Artists living and working in Washington’s few remaining warehouse art spaces are a dying breed, but the stalwarts still there will open their studios to the public Saturday and Sunday from noon to 5 p.m. The NoMA Arts Coalition (for North of Massachusetts Avenue) is an artists’ collective in four buildings on Sixth streets NE and NW and Massachusetts and Florida avenues. Artists such as Stuart Gosswein and Betsy Damos meet with visitors, explain their work and sell art directly to customers without the usual gallery fee — all to live music and with delicious food served. In past years, the event has drawn hundreds of visitors. NoMA district open studios at 57 N St., 411 New York Ave., 443 I St. and 52 O St., all NW, noon to 5 p.m. Saturday and Sunday. Free. Contact Micheline Frank, 202/332-1599 and Betsy Damos, 202/543-7499.
—Joanna Shaw-Eagle
The American Film Institute Silver Theatre will revive three of the famous Alfred Hitchcock suspense thrillers of the 1950s over the next few weeks. The chronology begins in reverse Friday with North by Northwest, an enormously popular attraction in a banner year for Hollywood, 1959. Revivals of Rear Window and Vertigo follow on May 14 and June 4, respectively. Each film will be shown for a week.

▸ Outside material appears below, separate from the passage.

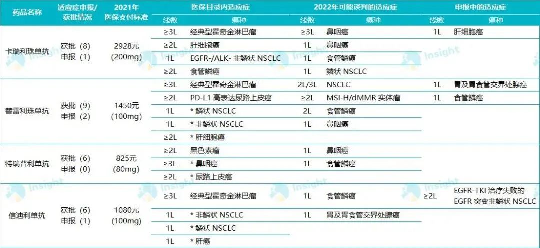除了已经获批的适应症之外,各大药企也在为自己的产品争抢新的适应症。根据医保初审名单公布的信息,君实、信达、恒瑞、百济神州的产品都以目录内条件2(2017年1月1日至2022年6月30日期间,经国家药监部门批准,适应症或功能主治发生重大变化的药品)进入到本次医保目录调整的初审名单。
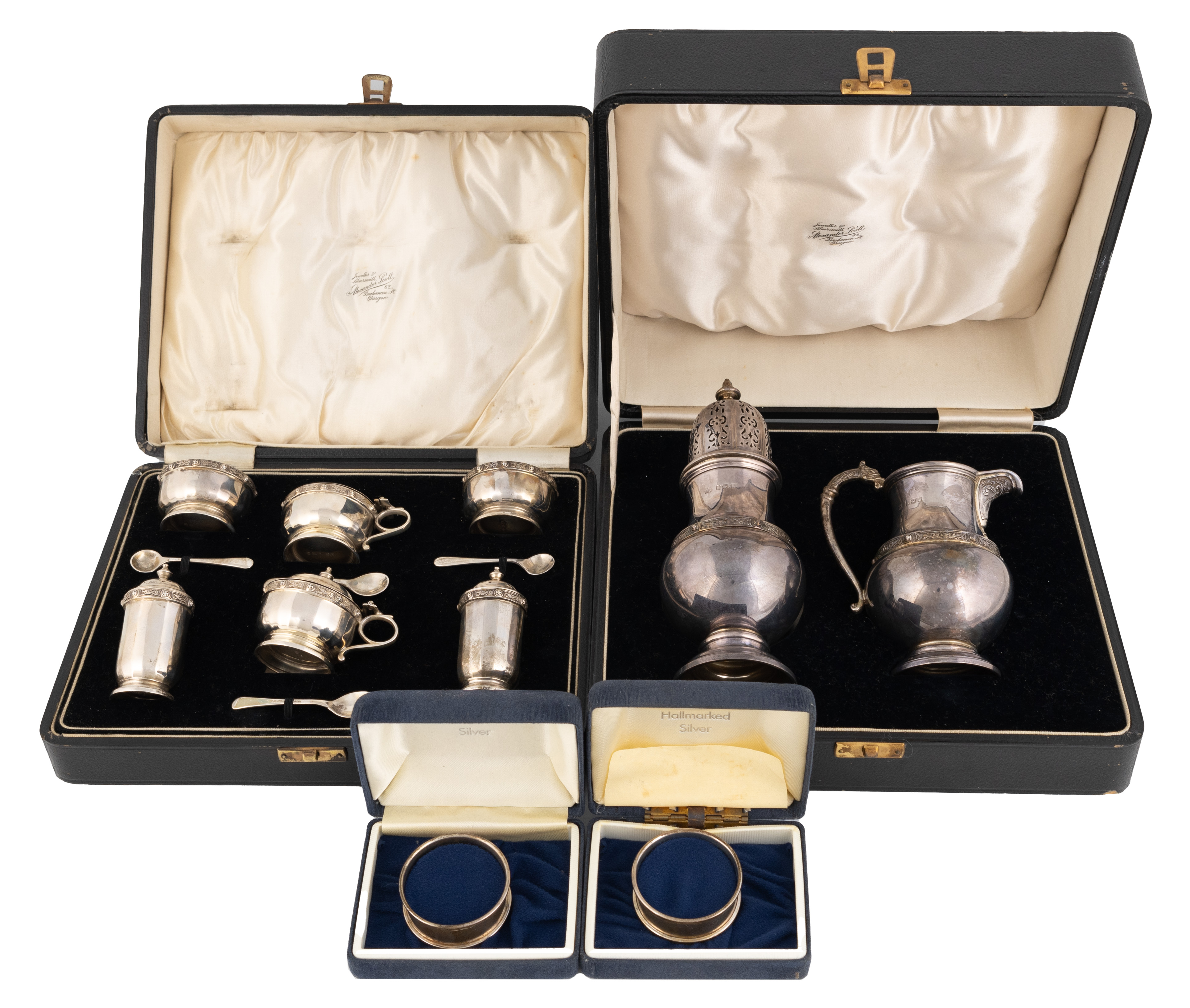 faceted circular form with a Celtic border, comprising: two mustard pots, two salt cellars, two pepper pots, two salt and two mustard spoons, plus a cased silver caster and cream jug, and two cased silver napkin rings, total approx. weight 16.7oz. (qty)

Gavin Lambert, the esteemed editor of the British film periodical Sight and Sound during the 1950s, moved to Los Angeles in the 1960s and became one of the more knowledgeable chroniclers of the movie colony. The author of a new biography about Natalie Wood, he will appear at the AFI Silver this weekend to comment on revivals of four of her films: Rebel Without a Cause and Splendor in the Grass on Saturday; Tomorrow Is Forever and Inside Daisy Clover on Sunday. Mr. Lambert wrote the screenplay for “Daisy Clover,” derived from his own novel.